I do not credit all these stories about the general feeling of hostility in the South toward the negro. So far as I have heard opinions expressed upon the subject, and I have conversed with many persons from that section of the country, they do not blame the negro for anything that has happened. As a general thing, he was faithful to them and their interests, until the army reached the place and took him from them. He has supported their wives and children in the absence of the husbands and fathers in the armies of the South. He has done for them what no one else could have done. They recognize his general good feeling toward them, and are inclined to reciprocate that feeling toward him.

I believe that is the general feeling of the southern people to-day. The cases of ill-treatment are exceptional cases. They are like the cases which have occurred in the northern States where the unfortunate have been thrown upon our charity.

Take, for instance, the stories of the cruel treatment of the insane in the State of Massachusetts. They may have been barbarously confined in the loathsome dens as stated in particular instances; but is that any evidence of the general ill-will of the people of the State of Massachusetts toward the insane? Is that any reason why the Federal arm should be extended to Massachusetts to control and protect the insane there?
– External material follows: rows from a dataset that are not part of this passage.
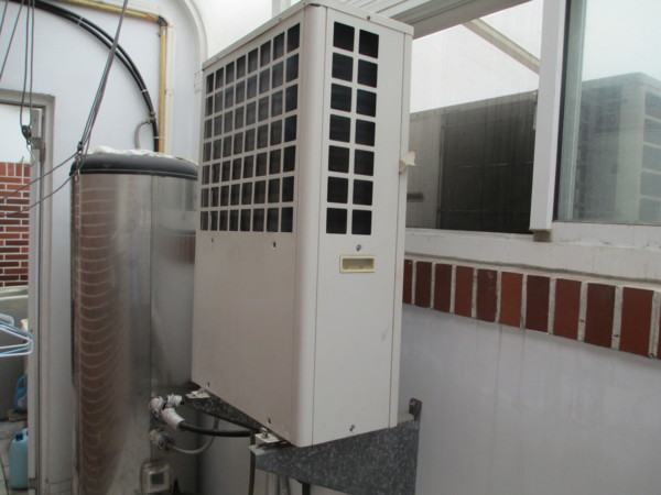 安裝在陽台晾衣間的熱泵,熱泵的除濕功能讓蔡家省了買烘衣機的錢和烘衣服的電費,為蔡家省大錢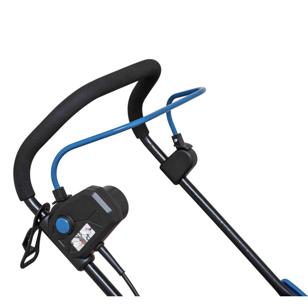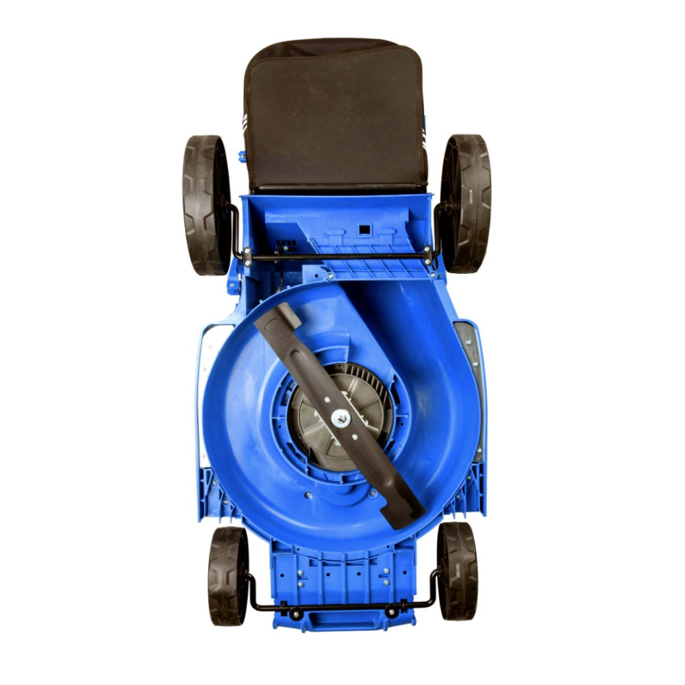 - Система кошения 3-в-1. Модель обладает функционалом премиальных бензиновых машин: сбор в травосборник, задний выброс и мульчирование (заглушка в комплекте) — нож мелко рубит траву, возвращая ее на газон в виде органического удобрения, которое удерживает влагу в почве.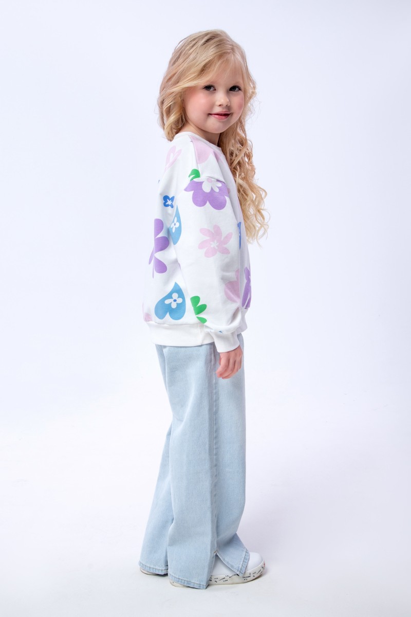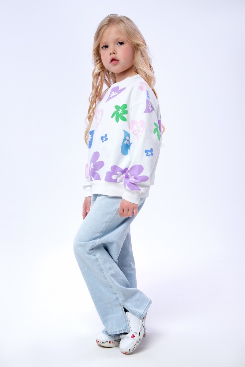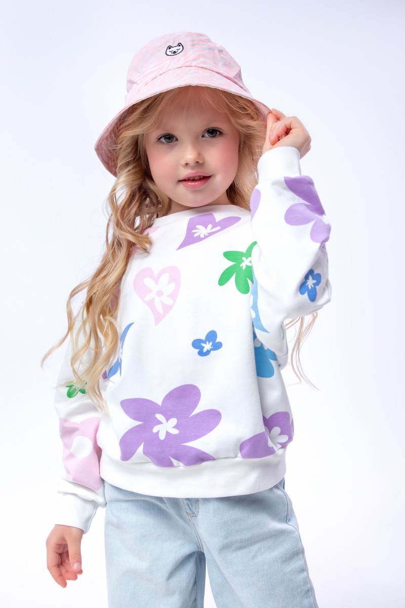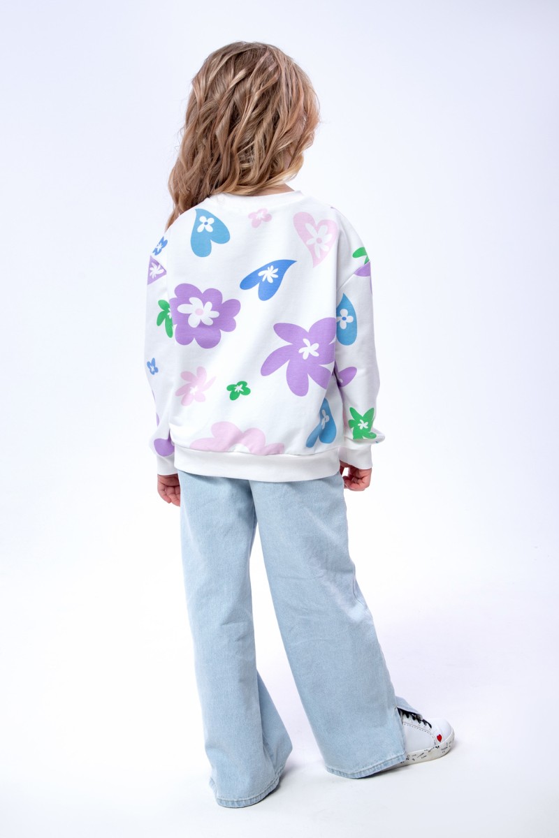 Свитшот детский "Цветочки" СД-013-056 футер 2-х нитка (последний размер) белый 146-72
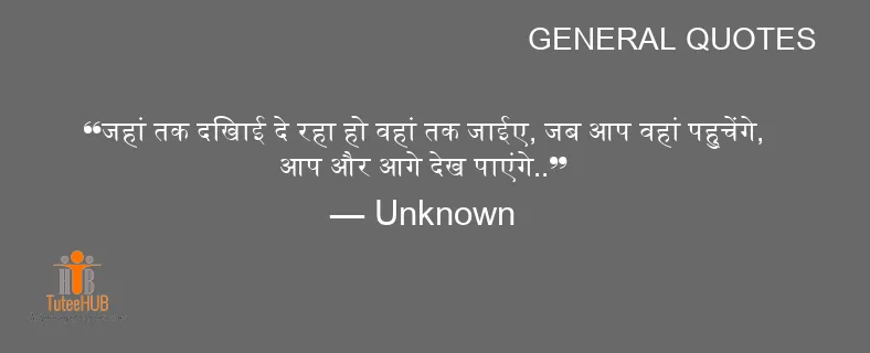 जहां तक दिखाई दे रहा हो वहां तक जाईए, जब आप वहां पहुचेंगे, आप और आगे देख पाएंगे..

It has also been said that certain paupers in certain States have been badly used, paupers, too, who were whites. Is that any reason why we should extend the arm of the Federal Government to those States to protect the poor who are thrown upon the charity of the people there?

Sir, we must yield to the altered state of things in this country. We must trust the people; it is our duty to do so; we cannot do otherwise. And the sooner we place ourselves in a position where we can win the confidence of our late enemies, where our counsels will be heeded, where our advice may be regarded, the sooner will the people of the whole country be fully reconciled to each other and their changed relationship; the sooner will all the inhabitants of our country be in the possession of all the rights and immunities essential to their prosperity and happiness.

Hon. A. K. McClure on What of the Republic?

Annual Address delivered before the Literary Societies of Dickinson College, June 26th, 1873.

Gentlemen of the Literary Societies:—What of the Republic? The trials and triumphs of our free institutions are hackneyed themes. They are the star attractions of every political conflict. They furnish a perpetual well-spring of every grade of rhetoric for the hustings, and partisan organs proclaim with the regularity of the seasons, the annual perils of free government.

But a different occasion, with widely different opportunities and duties, has brought us together. The dissembling of the partisan would be unwelcome, but here truth may be manfully spoken of that which so profoundly concerns us all. I am called to address young men who are to rank among the scholars, the teachers, the statesmen, the scientists of their age. They will be of the class that must furnish a large proportion of the executives, legislators, ministers, and instructors of the generation now rapidly crowding us to the long halt that soon must come. Doubtless, here and there, some who have been less favored with opportunities, will surpass them in the race for distinction; but in our free government where education is proffered to all, and the largest freedom of conviction and action invites the humblest to honorable preferment, the learned must bear a conspicuous part in directing the destiny of the nation. Every one who moulds a thought or inspires a fresh resolve even in the remotest regions of the Continent, shapes, in some measure, the sovereign power of the Republic.

The time and the occasion are alike propitious for a dispassionate review of our political system, and of the political duties which none can reject and be blameless. Second only to the claims of religion are the claims of country. Especially should the Christian, whether teacher or hearer, discharge political duties with fidelity. I do not mean that the harangue of the partisan should desecrate holy places, or that men should join in the brawls of pot-house politicians; but I do mean that a faithful discharge of our duty to free government is not only consistent with the most exemplary and religious life, but is a Christian as well as a civil obligation. The government that maintains liberty of conscience as one of its fundamental principles, and under which Christianity is recognized as the common law, has just claims upon the Christian citizen for the vigilant exercise of all political rights.